On records I am not a Muslim and so with all due respect will refrain from trying to interpret the Koranic verses; I have cited a response from another Islamic journalist to counter Senior Lamptey anyway. However, the first question to drop in my thinking cap after reading the article was; What does religion got to do with investigative journalism?
Well it may be because Anas is a Muslim, but Kwesi Nyantakyi is also a Muslim which should have served as a motivation for Anas to conceal his works to avoid hurting a Muslim brother, yet he went ahead and professionally discharged his duties to uncover the stinking rot that has eaten deep into our football game. What’s the benefit of being a Muslim, Christian or a traditionalist without helping to clean society of various negative activities? (That’s not what I intend achieving though).
I suggest we need to be able to decouple ethics of journalism from religious beliefs; Mr. Lamptey as a student of journalism should have measured the work of Anas with the ethical principles of the profession.
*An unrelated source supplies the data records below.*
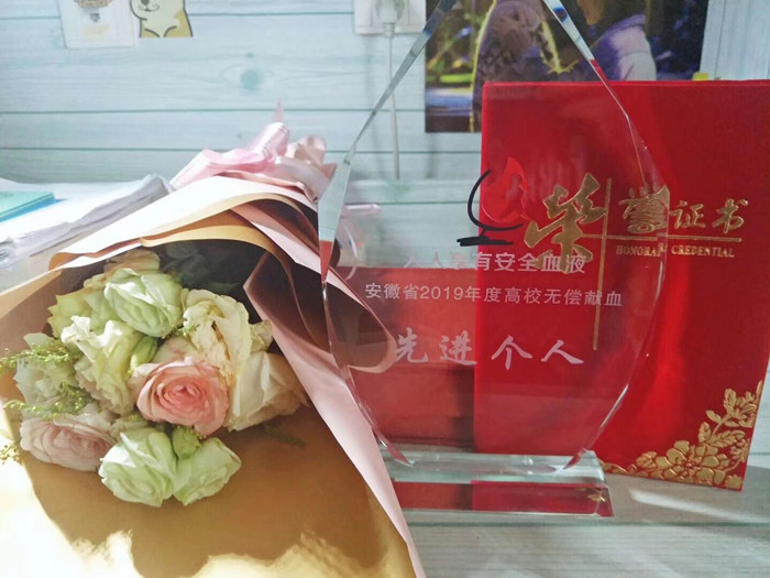 对医学事业的强烈兴趣和冥冥之中的缘分,怀着“愿为医学事业做贡献”的满腔热血,17岁的他成为安徽中医药大学yl9193永利官网的一名学生。一个学期的医学熏陶让他更加深刻明白医学事业和临床病人对血液的迫切需求,于是他默默决定,等到18周岁一定要去血站奉献自己的爱心。2018年2月,刚过完十八周岁生日的他,便来到合肥市中心血站,在经过一系列的检查后,他开始人生第一次献血,也是第一次捐献血小板。血小板的采集过程复杂且漫长,需经过一系列专业技术操作才能采集足够的血小板数量,每次采血时间在1.5小时左右,他却并没有任何怨言。自第一次捐献后就一直坚持,几乎是每个月都专门抽出时间前往血站进行无偿捐献。在仅仅一年三个月不到的时间里,小小年纪的他已经捐献血小板14次,共计26个献血量。他说:“自己参与无偿献血,是想帮助更多的人,每次献血,心里就会有一种成就感和满足感。之所以愿意坚持下去,也是因为想多为社会做一点贡献,毕竟校园中的我们所能做的事还不多,通过这样的方式奉献爱心就已经很有意义了。”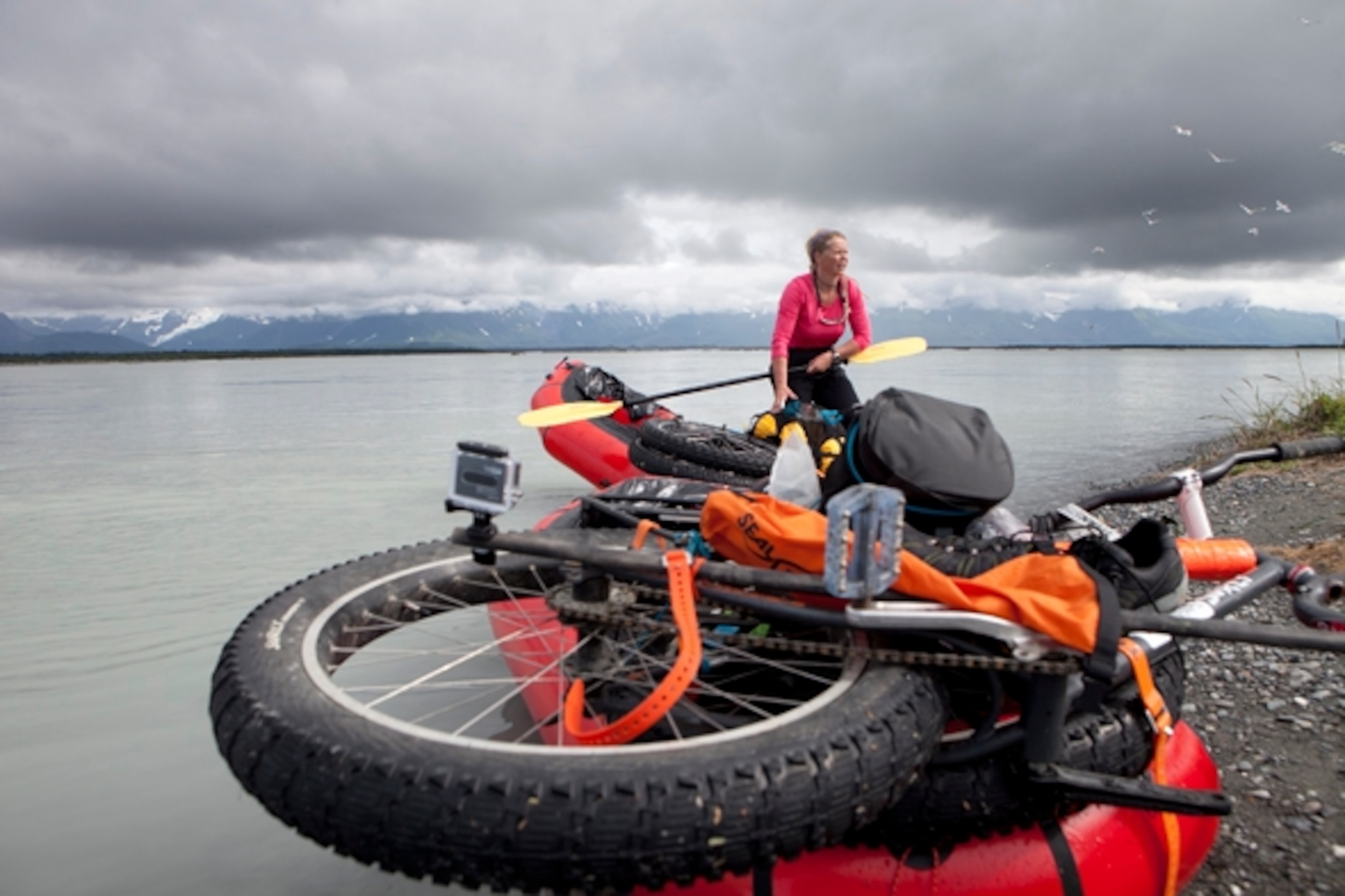 With our bikes strapped tightly to the bow, we wedge ourselves into puny Alpacka rafts, and get ready to cross the mighty Alsek, an enormous river that empties into Dry Bay at an average flow of 80,000 cubic feet per minute. Before shoving off, we take a few minutes to watch chiseled icebergs the size of pool tables and huge, uprooted spruce trees bob up and down in the churning grey current as they quickly float past us toward the Pacific. I look over at Iris to gauge her comfort level. “You ready for this?” Normally talkative, Iris is quiet but finally says, “Yep! Let’s go!”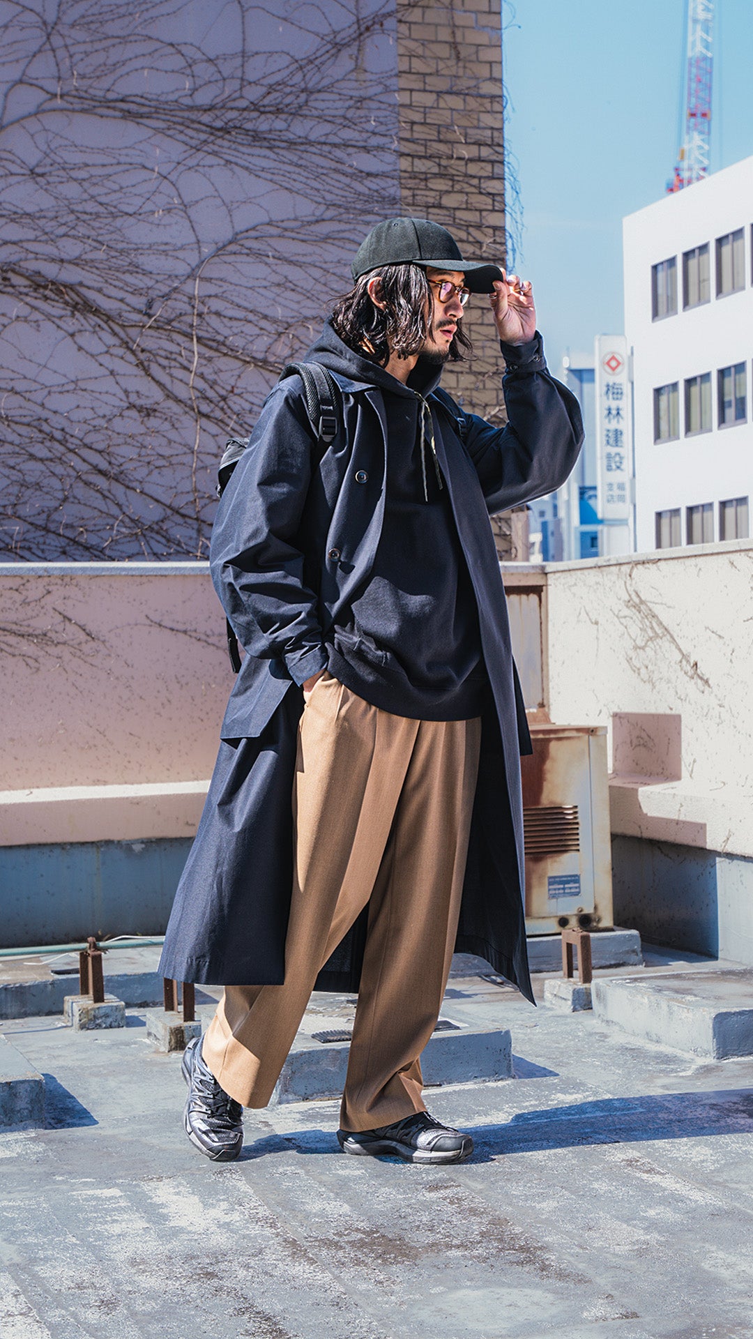 ハリ感のある生地によって立体なフォルムでありながら、 軽い着用感のコートになっています。

That’s to check the basics whether investigative journalism is real, allowed and practiceds worldwide; if that’s the case then where has Anas gone wrong?
Mr. Lamptey should have checked on the modus operandi in investigative pieces; where the investigator can fake and play a role in a syndicate to expose them, can delegate an agent to hang in a syndicate for information or yet still can bait the perpetrators with any thing that seem to be a good point of contact to expose them. This I think have always been the style of Anas which is a worldwide investigative technique even used by the world famous security agencies like CIA, KGB, FBI and the others.
Emotions and religious interpretations can not be the tool to determine what’s right with investigative journalism, ethics and legalities should be the bases to weigh the works of Anas; and that’s these two elements are the only tools that can be used to expose any weakness in investigative journalism. I will urge my Senior brother Lamptey to be wary about profession and religion; let us not do anything that might paint Anas black to the Muslim community which might eventually discourage him from adding his worth to societal cleansing.
We live by law and govern by law and seek justice from the law; Ghana is neither a Christian nor Islamic country that must be govern with religious beliefs. I hope and pray that more of the likes of Anas may spring up to help uncover rots in the system. There’s an adage that says “You don’t run when you have nothing to hide”.
May we get more understanding as we share ideas as responsible citizens.